··· GIVEN DATA
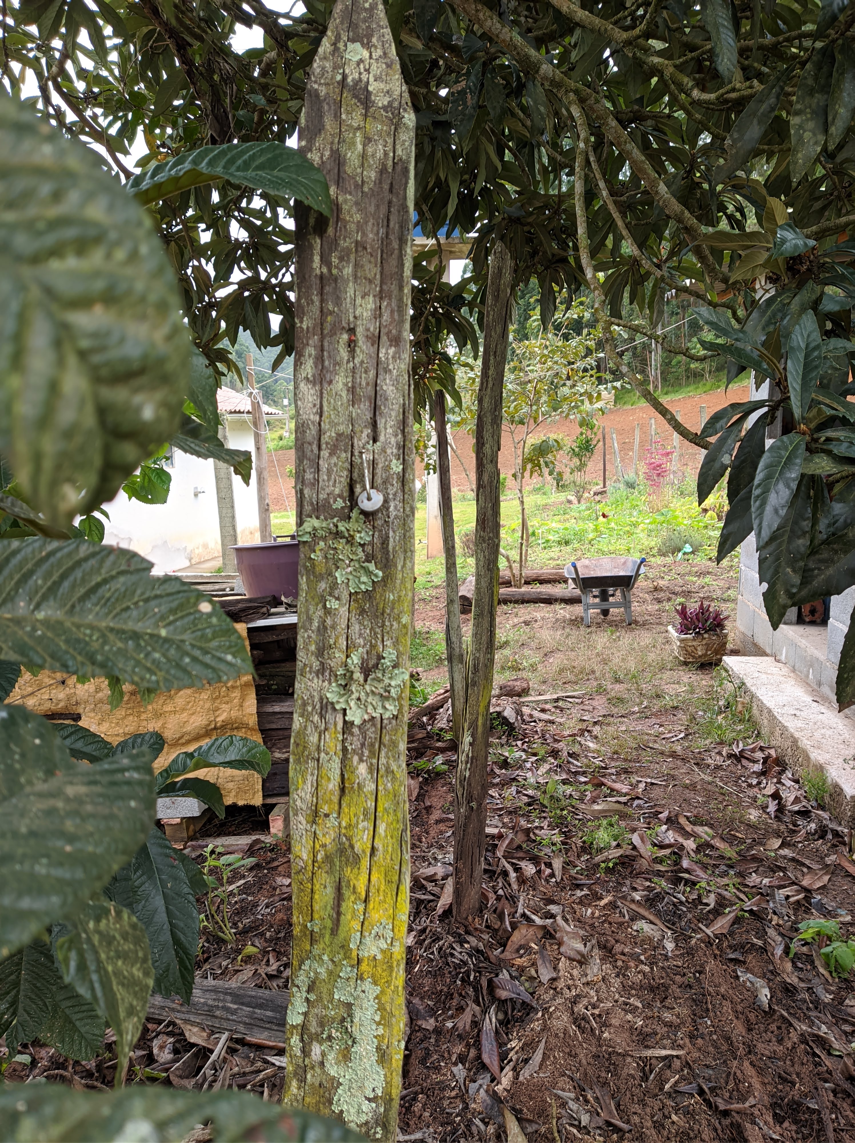 É o tronco que lasca, que trinca, que carrega 30 anos ou mais de memórias, que vira cerca, vira canteiro, vira lenha para fogueira de São João quando já não consegue parar de pé, é esse tronco, que me constrói como ser consciente da proteção ambiental. É esse tronco, hoje protegido, que me lembra das queimadas da Amazônia, ou não tão distante, a queimada do vizinho, que por mais que eu avise, alerte, não compreende que precisa proteger a camada mais externa do solo. Ou que não entende que aquilo que fizemos no passado, não estava certo, não deu certo e não continuará dando certo.
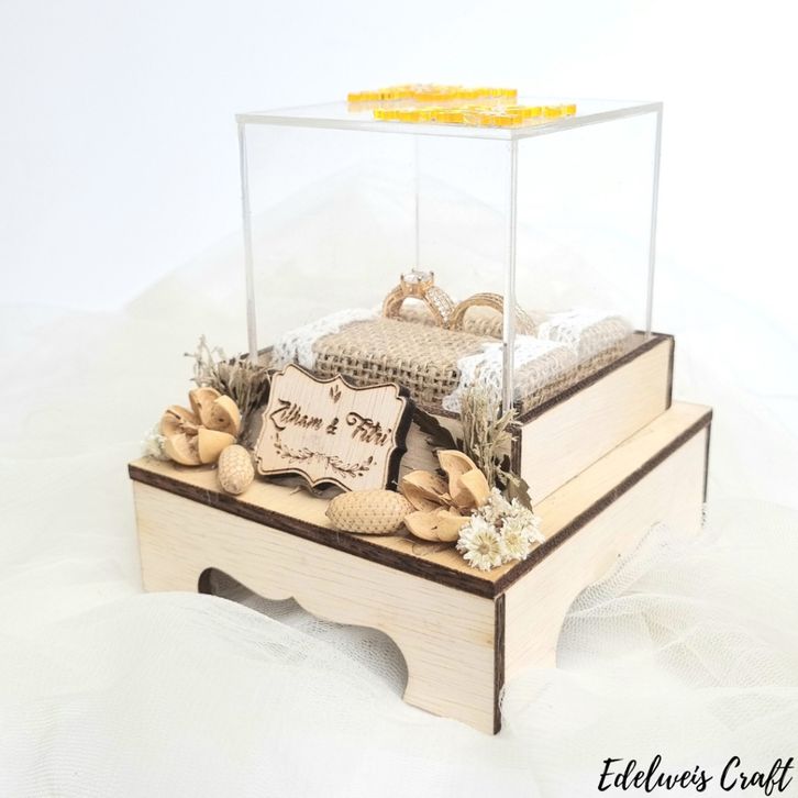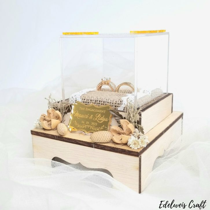 Kotak Cincin Pernikahan Kayu Akrilik Gaya Rustic bonus Custom Nama
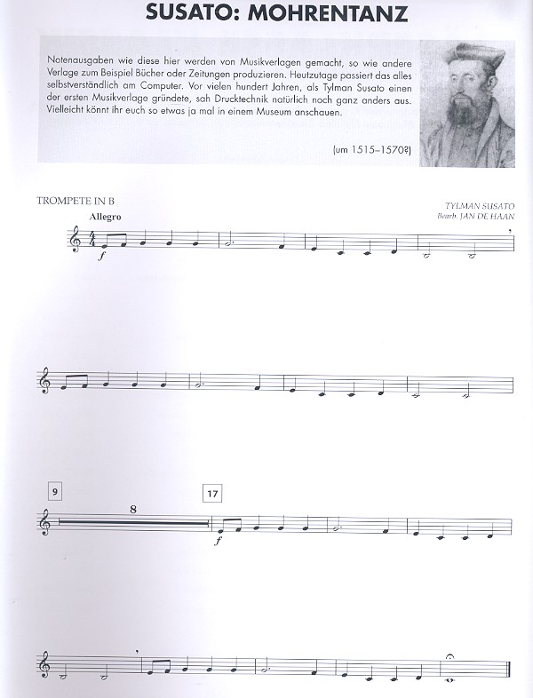 Haan, Jan de, ed abgestimmt auf Essential Elements Band 1 und 2 (Hal Leonard) Kleine Meisterwerke für den großen Auftritt Mohrentanz (Susato) Der Frühling (Vivaldi) Musette (Bach) Fröhlicher Landmann (Schumann) L'Innamorata (Gastoldi) Kaiserquartett (Haydn) Forellenquintett (Schubert) Ouvertüre zu Wilhelm Tell (Rossini) An der schönen blauen Donau (Strauß) Trumpet Voluntary (Clarke) Halleluja (Händel) Für Elise (Beethoven) Capriccio italien (Tschaikowsky) Aus der Neuen Welt (Dvorak) Eine kleine Nachtmusik (Mozart) Ungarischer Tanz Nr.5 (Brahms) Land of Hope and Glory (Elgar) La donna è mobile (Verdi) Hochzeitsmarsch (Wagner) Cancan (Offenbach) Sinfonie Nr.1 (Mahler) Summertime (Gershwin)
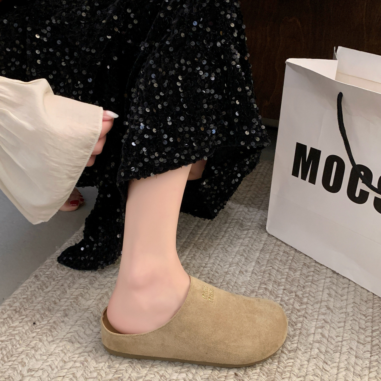 2025 새로운 Baotou 하프 슬리퍼 복고풍 겉옷 슬리퍼 여성 여름 다목적 캐주얼 신발 슬립 온 플랫 슬립 온 신발스토어 가기
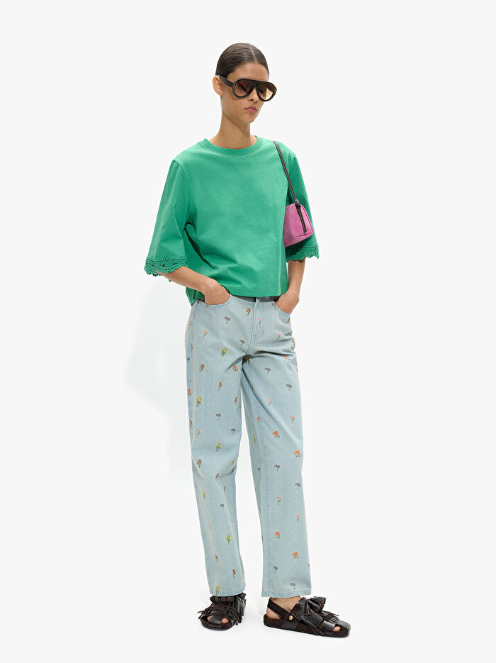 %100 Pamuk Kroşe Detaylı Bluz
······
When copying, output the data exactly and leave out the pictures.

### WRITTEN SOLUTION
 É o tronco que lasca, que trinca, que carrega 30 anos ou mais de memórias, que vira cerca, vira canteiro, vira lenha para fogueira de São João quando já não consegue parar de pé, é esse tronco, que me constrói como ser consciente da proteção ambiental. É esse tronco, hoje protegido, que me lembra das queimadas da Amazônia, ou não tão distante, a queimada do vizinho, que por mais que eu avise, alerte, não compreende que precisa proteger a camada mais externa do solo. Ou que não entende que aquilo que fizemos no passado, não estava certo, não deu certo e não continuará dando certo.
 Kotak Cincin Pernikahan Kayu Akrilik Gaya Rustic bonus Custom Nama
 Haan, Jan de, ed abgestimmt auf Essential Elements Band 1 und 2 (Hal Leonard) Kleine Meisterwerke für den großen Auftritt Mohrentanz (Susato) Der Frühling (Vivaldi) Musette (Bach) Fröhlicher Landmann (Schumann) L'Innamorata (Gastoldi) Kaiserquartett (Haydn) Forellenquintett (Schubert) Ouvertüre zu Wilhelm Tell (Rossini) An der schönen blauen Donau (Strauß) Trumpet Voluntary (Clarke) Halleluja (Händel) Für Elise (Beethoven) Capriccio italien (Tschaikowsky) Aus der Neuen Welt (Dvorak) Eine kleine Nachtmusik (Mozart) Ungarischer Tanz Nr.5 (Brahms) Land of Hope and Glory (Elgar) La donna è mobile (Verdi) Hochzeitsmarsch (Wagner) Cancan (Offenbach) Sinfonie Nr.1 (Mahler) Summertime (Gershwin)
 2025 새로운 Baotou 하프 슬리퍼 복고풍 겉옷 슬리퍼 여성 여름 다목적 캐주얼 신발 슬립 온 플랫 슬립 온 신발스토어 가기
 %100 Pamuk Kroşe Detaylı Bluz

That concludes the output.